Spirituals 101
People have been asking me about my “Spirituals.” Although convinced of the value of an annual physical examination, they are mystified by the idea of an annual Spiritual. It shares with a Physical the quality of an early detection system of disease. A Spiritual reviews general spiritual health; whether a person needs more exercise, is healthy, growing, developmentally appropriate etc. However, it is much, much more.
The Joining of the Spiritual and Physical worlds:
The Ramchal teaches that the Spiritual and Physical were two entirely separate creations. The two are so different that they cannot coexist. A Spiritual being, the soul, cannot be contained by a physical body.
Constraint:
The Ramchal continues, and explains that there was a third creation; that which allowed the spiritual soul to exist within the physical body. However, the soul’s inherent powers would immediately purify the physical substance of the body, and therefore, the same creation which allowed the soul to function with the body, placed a constraint on the soul to allow the person to choose whether or not to use his soul to purify his body. The soul in the body is a constrained soul, even before the two begin the process of functioning as a unit.
One stage of a Spiritual is to learn how to release the soul from this basic constraint. We recite a blessing each morning celebrating our ability to free the soul from this basic constraint: “Matir Assurim,” “Who releases the bound.”
The Kedusha Switch:
The third creation, that which allows the spiritual soul to function with the physical body provided for what I describe as a switch: The Kedusha Switch, as in, “Asher Kidishanu B’Mitzvotav,” “Who sanctified us with His commandments.” (See Ohr Gedalyahu on Parshat Emor) It is this switch or mechanism which can be activated when physically performing a MItzvah. When activated, the Kedusha Switch allows the soul to be affected or energized through the physical Mitzvah.
My Uncle Noach zt”l explained that when we say that, “Mitoch shelo lishma ba lishma,” “A Mitzvah performed not as an expression of love may become an expression of love,” we are saying that there is a part of our soul that is activated by a Mitzvah if performed with the intention to activate our soul through the Mitzvah. The famous saying describes a reality, the Kedusha Switch. We need only have intention to achieve “Lishma,” “as an expression of love.”
A Spiritual focuses a person on activating the Kedusha Switch when performing Mitzvot, so that he eventually will achieve serving God as an expression of love.
Post-Sin Second Constraint:
Adam, the Primal Human Being, was placed into a world perfectly balanced between good and evil. Both were external to him, as he had never made a choice of one over the other.
Had Adam chosen to internalize good by eating of the other trees in the Garden, and avoiding the forbidden Tree of Knowledge of Good and Evil, he would have internalized good. The balance of the world would have tilted toward good, allowing it, the now stronger force, to overpower evil and perfect the world.
However, Adam chose to first internalize evil. The balance was tilted toward evil, which could, at that point, overcome good. The world would be destroyed; creation, a failure. God, therefore, imposed a limitation on evil so that it could not entirely defeat good, however, in order to maintain the balance necessary for Free Choice, a similar constraint was placed on good.
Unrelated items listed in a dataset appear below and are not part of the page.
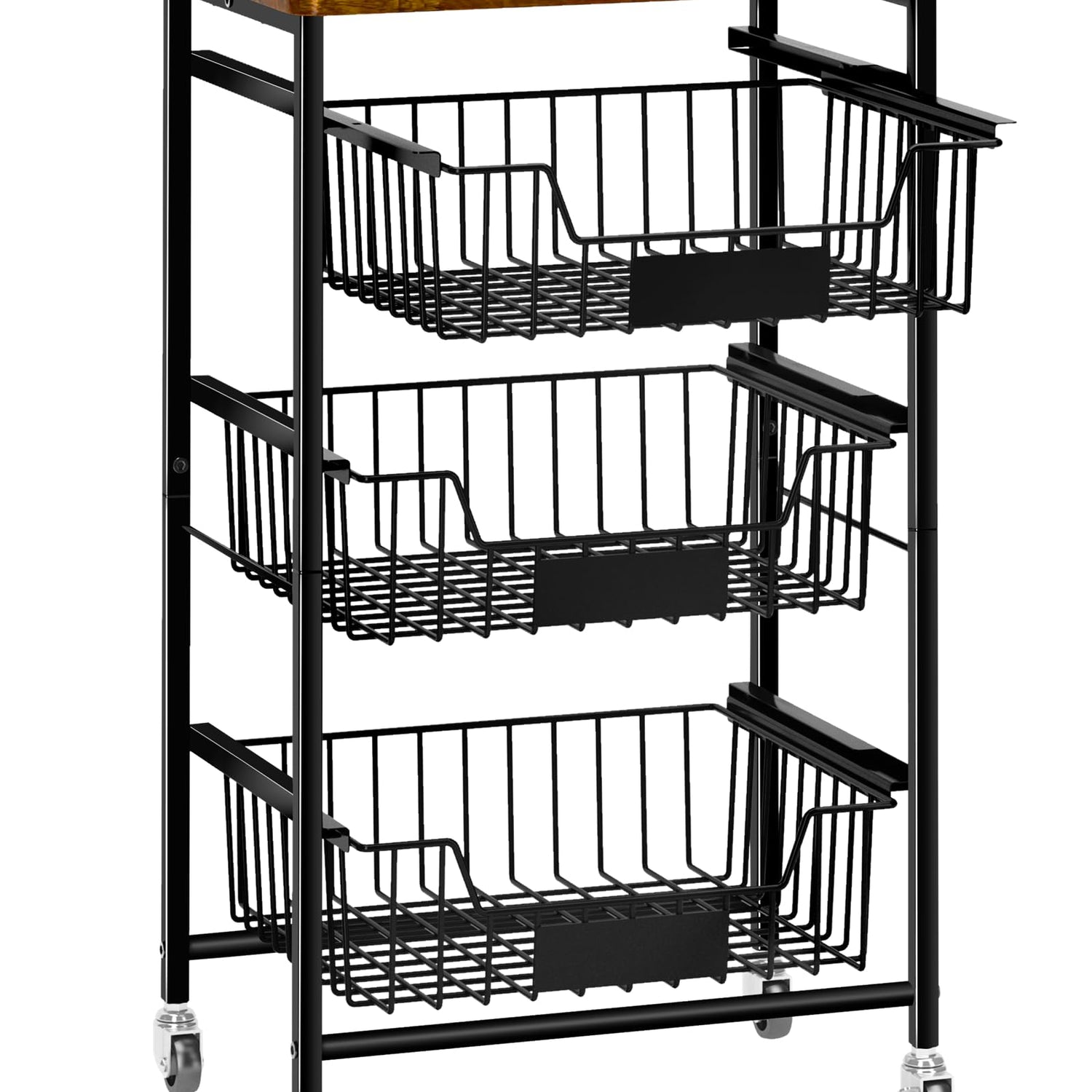 OKZEST 4-Tier Small Kitchen Storage Cart on Wheels, Metal Fruit Basket Stand with Pull-Out Baskets & Wood Top for Potato Onion Produce Snack Veggies
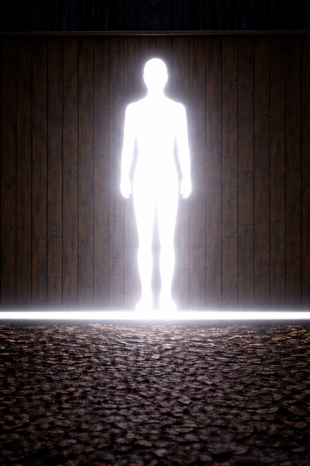 Используется проекция, для визуализации световой тени, так же линия света снизу символизирует длину жизни этой тени, и в итоге силуэт испаряется в ней
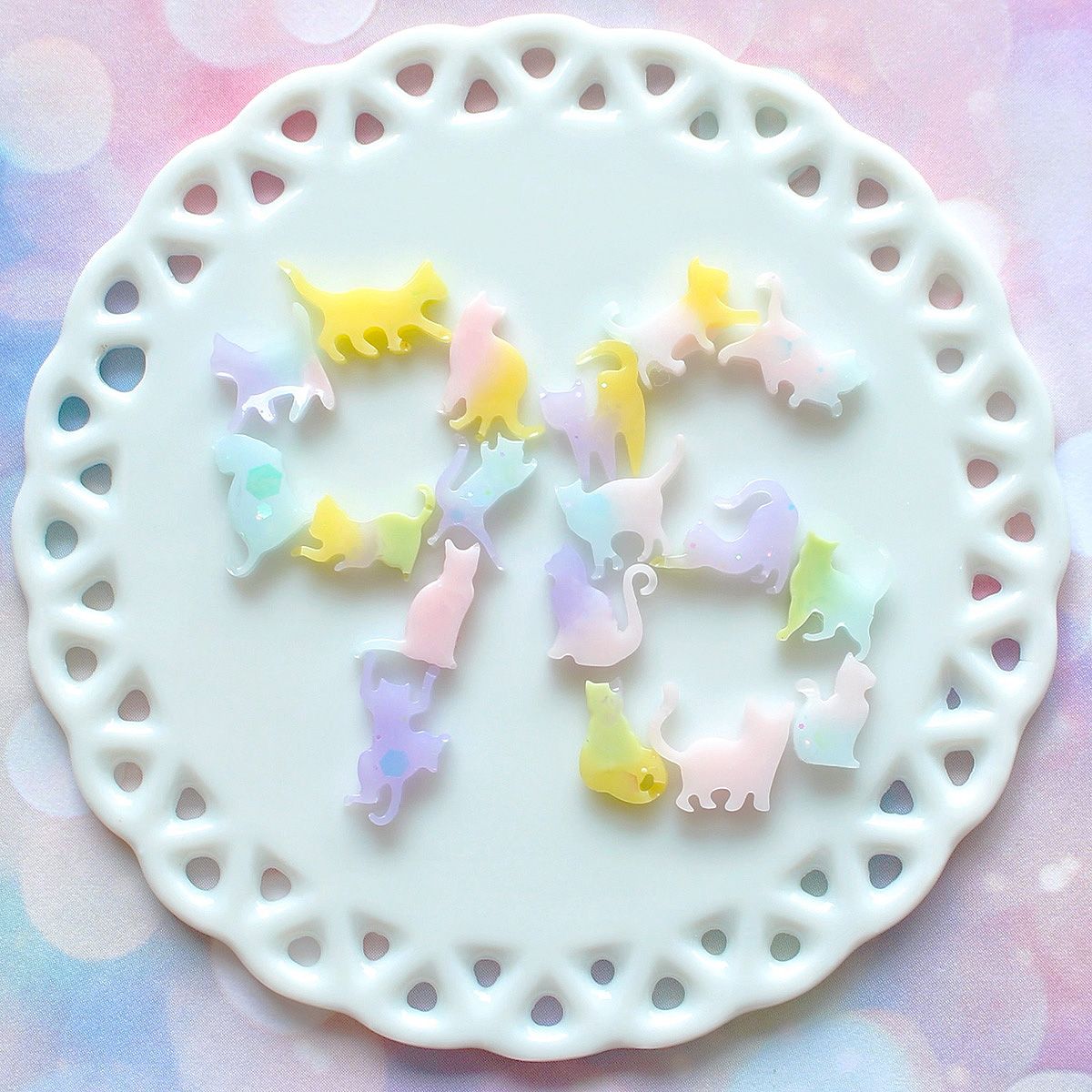 淡いピンクやイエロー、ラベンダー、ミントなどのやさしいカラーで仕上げれば、ゆめかわいい雰囲気に。アクセサリー作りはもちろん、シャカシャカ封入やデコパーツ作りにもぴったりです。小ぶりなので、ピアスやイヤリング、チャーム、キーホルダーのワンポイントにも◎

It could no longer completely overpower evil in this world. Good, God ‘s Light, the Spiritual, the soul, were all constrained more than before. The soul was and is doubly constrained. It cannot fully experience itself, its development, its accomplishments and growth. The soul is more frustrated.
A Spiritual also addresses this second constraint on the soul. It is this release we describe in the second blessing of the Amidah when we praise God, the Empowerer, as, “Matir Assurim,” “The One Who releases the bound.” This is the more powerful release, hence it is listed together with Techiat Hameitim, the Resurrection of the dead.
Matir Assurim is inherent in Creation; it describes the birth of a baby who is released from the bonds of the womb. We act it out when we rise from the bow for Modim, our knees bent, our backs folded as a child in the womb, we slowly open our body to express the potential release from all the constraints imposed on the soul.